▸ **BRIEF**: Transcribe the records below word for word, beginning with the first line and stopping after the line that contains "México, D. F."; pictures are not part of the copy.

################

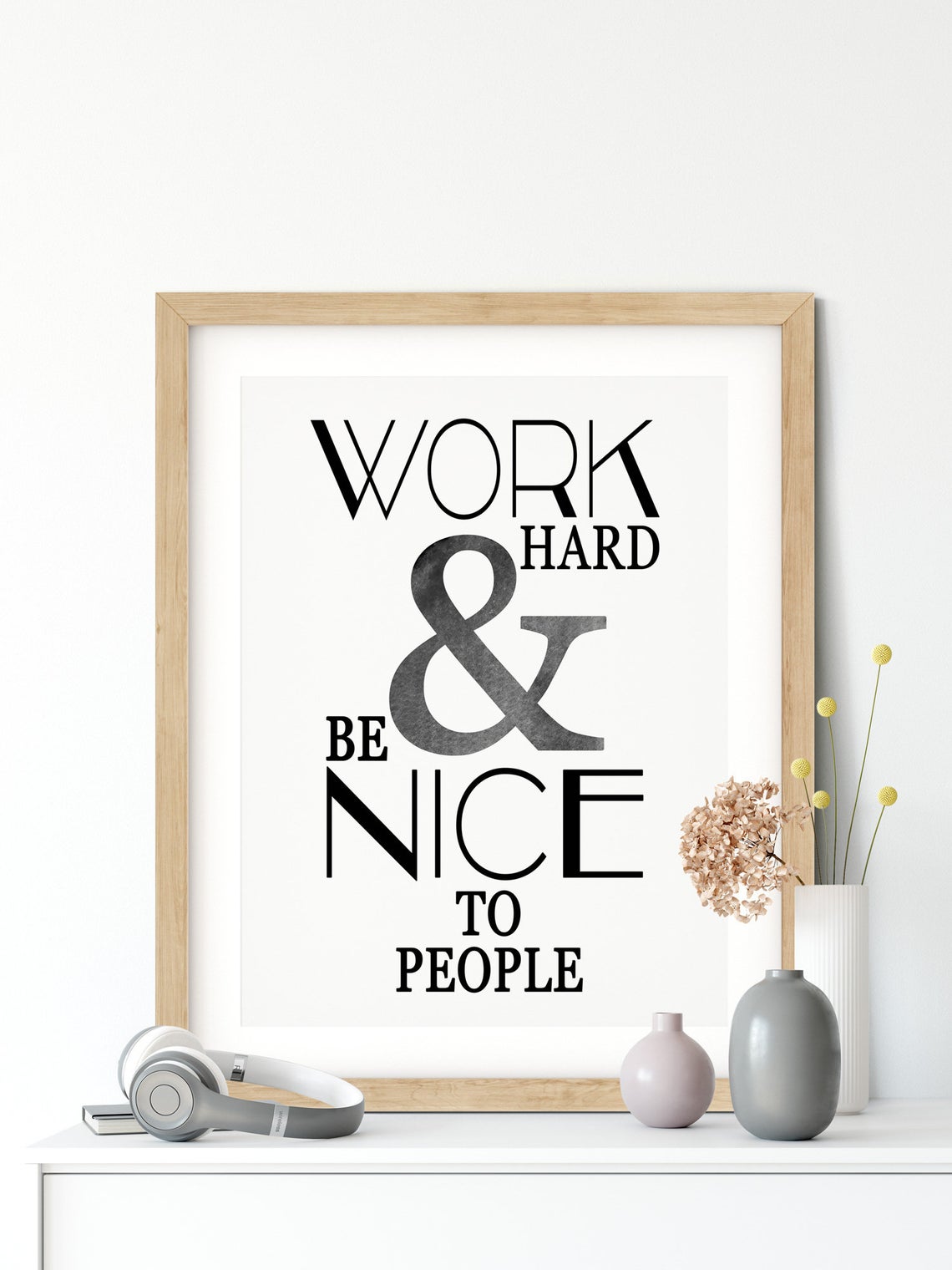 WORK HARD & BE NICE TO PEOPLEโ Motivational Print Quote
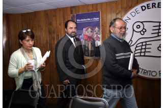 México, D. F. 13 Mayo 2004.- Rocio Culebro, secretaria técnica de la CDHDF, Emilio Alvarez Icaza, presidente de la CDHDF y David Velazco, presidente del centro de derechos humanos Miguel Agustín Pro Juárez previo a la presentación del manuel "Discriminación a ciegas". FOTO: Nelly Salas/CUARTOSCURO.COM
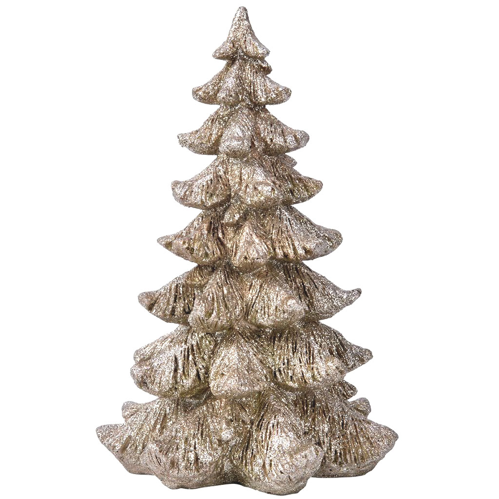 Vacker juldekoration - "Dorthe" Guldförgad julgran i polyresin och mycket levande former. Granen har mkt guldglitter och mycket glittereffekt
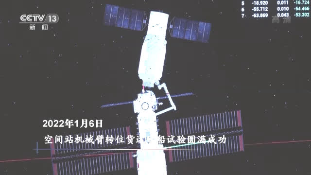 2022年1月6日,空間站機械臂轉位貨運飛船試驗圓滿成功。這是我國首次利用空間站機械臂操作大型在軌飛行器進行轉位。
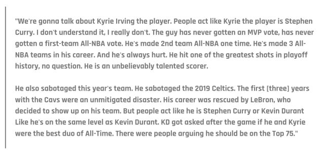 另一方面,联盟中关于凯里-欧文的批评并没有结束,名记蒂姆-邦坦普斯就在一档节目中抨击欧文够资格入选75大球星的言论:
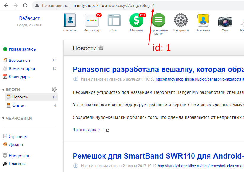 Идентификатор блога Чтобы узнать идентификатор (ID) блога, в админке перейдите на страницу нужного блога, в адресной строке появится параметр blog, его значение и есть идентификатор. Например, на скриншоте показан Блог с идентификатором: 1
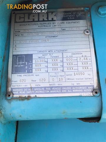 Clark, DCY250S, Forklift, 6 Cyl, Diesel, Serial No.:DCY250-056-AUF-2104, Engine No.:3540166937, Max Lift Capacity: 11,340Kg, Max Lift Height: 2.44m, Two Stage Mast, ROPS, Pneumatic Tyres, Blue colour, 3,153 Hrs
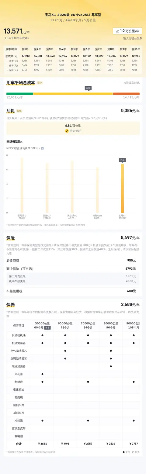 根据估算,这辆车年均综合用车成本大概在每年1.4万元左右。实际费用开销会根据车主的使用习惯和行车环境有所改变。
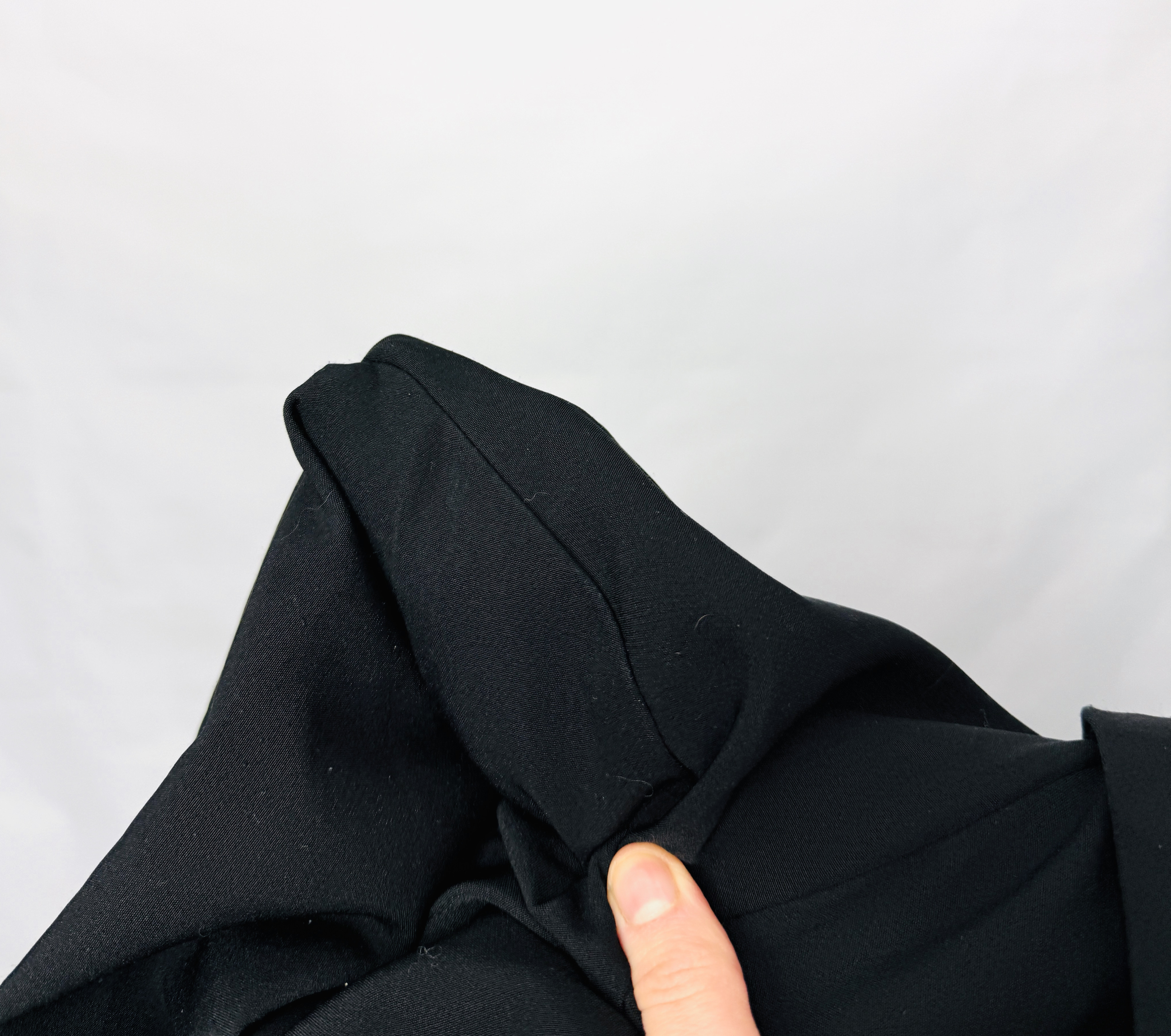 Rękawy są długie i przylegające, ich gładka linia kontrastuje z subtelnym drapowaniem przy kółku, przez co całość wydaje się dopracowana i harmonijna. Ramiona mają skromne, ale wyraźne zarysowanie, co dodaje formie lekko krawieckiego wyrazu, a jednocześnie zachowuje noszalną wygodę. Materiał prezentuje się jako gładki, delikatnie lejący i nieco elastyczny — ładnie układa się przy ciele, podkreślając sylwetkę bez nadmiernego opinania.
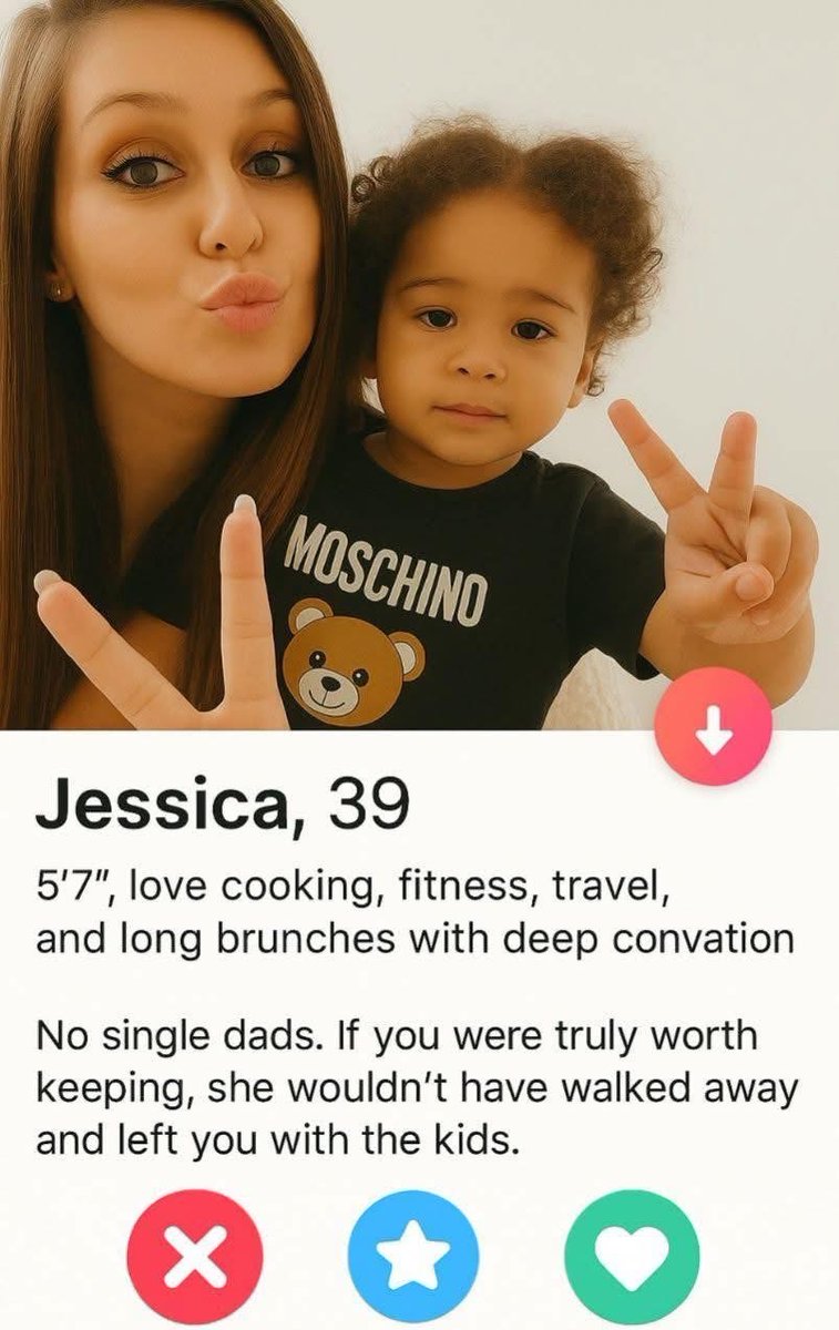 >>522101224It is the usual stuff, she has been pumped and dumped by someone above her paygrade now she wants to make someone male in her situation sufferAside from this getting with a single dad is much less bad for a woman than the reverse since nobody in society expects women to really fill the mother role. Meanwhile if you don't step up to be the kids step father in the literal sense tons of people think you're a bad guy.For more men society is simply not worth participating in anymore, we're reaching critical numbers.
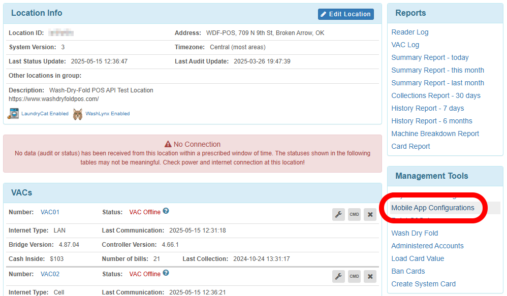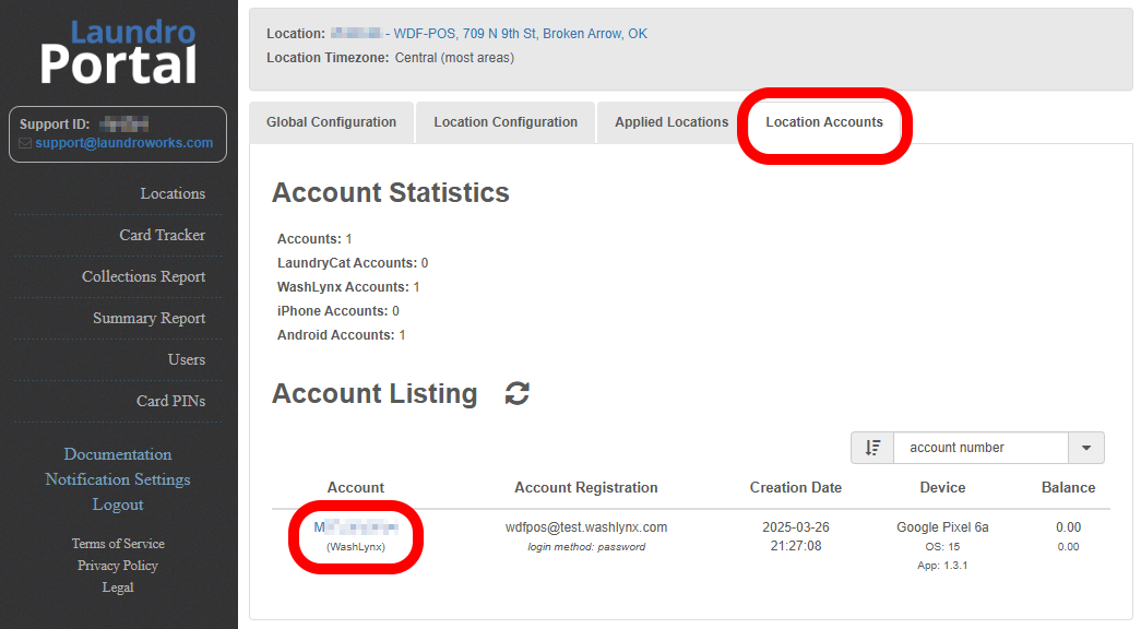 On LaundroPortal, navigate back to the Mobile App Configurations page and click the Location Accounts tab. The WashLynx app account number should now appear in the Account Listing section.
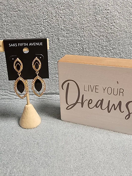 Elegant Black Stone Drop Earrings by Saks Fifth Avenue
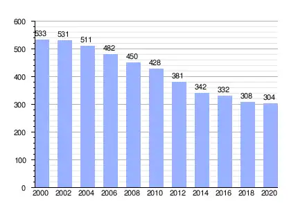 Población de derecho (2000-2020) según los censos de población del INE a 1 de enero de cada año.[9] |

################

▸ **EXERCISE RESPONSE**:
 WORK HARD & BE NICE TO PEOPLEโ Motivational Print Quote
 México, D. F. 13 Mayo 2004.- Rocio Culebro, secretaria técnica de la CDHDF, Emilio Alvarez Icaza, presidente de la CDHDF y David Velazco, presidente del centro de derechos humanos Miguel Agustín Pro Juárez previo a la presentación del manuel "Discriminación a ciegas". FOTO: Nelly Salas/CUARTOSCURO.COM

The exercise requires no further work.